Danish architect’s Sydney Opera House drama to be film

The story of the Sydney Opera House and its Danish architect Jørn Utzon is to be made into a movie, with the producer behind 'The Girl with the Dragon Tattoo' on board.

Danish architect's Sydney Opera House drama to be film
The story of Utzon's work on the Sydney Opera House "has all it takes for the big screen". Photo: Nickliv/Flickr
The Danish/Swedish/Australian production will tell the story of how Utzon upset the conservative Australian architectural establishment by winning an international competition to design the building and his battles to push through his radical ideas.
 
“Utzon was a great Danish architect and the story of how he created the Sydney Opera is both fascinating and scary. This story has to be told,” said Danish executive producer Ole Søndberg in a statement late Monday.
 
Søndberg is best known for producing 'The Girl with the Dragon Tattoo' and the 'Millennium-trilogy' based on Stieg Larsson's novels. He was also behind the popular 'Wallander' television series.
 
For the Utzon project he will team up with Swedish-Australian producer Jan Marnell, who has worked on a number of television mini-series and features over the last 30 years.  
 
Utzon arrived in Sydney as a celebrity in 1957 but his ambitious design, with the building's distinctive white sails drawn from his childhood in the Aalborg shipyards, was hit by domestic politics, petty jealousies and budget constraints.
 
The controversies that dogged him and the project for years saw him quit in 1966.
 
He never returned to see his revolutionary concept as a finished building, which was opened in 1973 by Britain's Queen Elizabeth II, and he died in 2008.
 
A year before his death, the harbourside building was added to the World Heritage List, with the committee saying the structure “stands by itself as one of the indisputable masterpieces of human creativity, not only in the 20th century but in the history of humankind”.
 
“We have a world wonder.

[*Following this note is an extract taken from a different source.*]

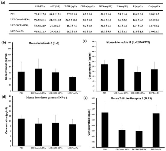 The siEGFR-loaded LCP NPs, siControl-loaded LCP NPs and LCP-Pyro PA NPs were investigated for liver and kidney toxicity. C57BL/6 mice were used for the studies. Twelve mice were distributed into four groups that were given three IV infusions of PBS, LCP Control siRNA NPs, LCP EGFR siRNA NPs and LCP-Pyro PA NPs for three days, one injection per day. Mice were sacrificed by cardiac puncture to collect the blood for assays on the fourth day. For liver function, there was no significant difference in aspartate aminotransferase (AST), alanine aminotransferase (ALT), and total-bilirubin (T-BIL) (p > 0.05) for LCP siControl, LCP siEGFR, and LCP Pyro PA groups compared to the PBS group. This suggests no liver function damage. Similarly in the kidney index, the creatinine (CREA), blood urea nitrogen (BUN), uric acid (UA), phosphorus (P), and calcium (CA) amounts indicated no significant effect (p > 0.05) (Figure 8a). No abnormal effect of LCP NPs on kidney function was noted, even though their cores are made of calcium phosphate. In Figure 8b–e, no significant difference was observed on the levels of interleukin 6 (IL-6), interleukin 12 (IL-12 P40/P70), interferon gamma (INF-γ), and Toll-like receptor 3 (TLR3) in triplicate (p > 0.05) for all groups (PBS, LCP siControl, LCP siEGFR, and LCP Pyro Pa). This further indicates no toxicity resulting from significant activation by LCP NPs of IL-6, IL-12, INF-γand TLR3 in mouse serum (p > 0.05). These in vivo toxicity assays suggest that both novel LCP Pyro PA NPs and LCP siRNA NPs are safe based on SCC4 and SAS animal model studies (Figure 8b–e).

We have its creator who wasn't allowed to see his dream fulfilled,” said producer Marnell.
 
“We have creativity versus bureaucracy and political maneuvering ranging from friend to foe. We have an outstanding architect with streaks of megalomania and genius, and his vengeful opponents who plot to get him out of the country,”
 
“It has all it takes for the big screen.”
 
No details were given on when 'Utzon: The Man Behind the Opera House' would begin filming.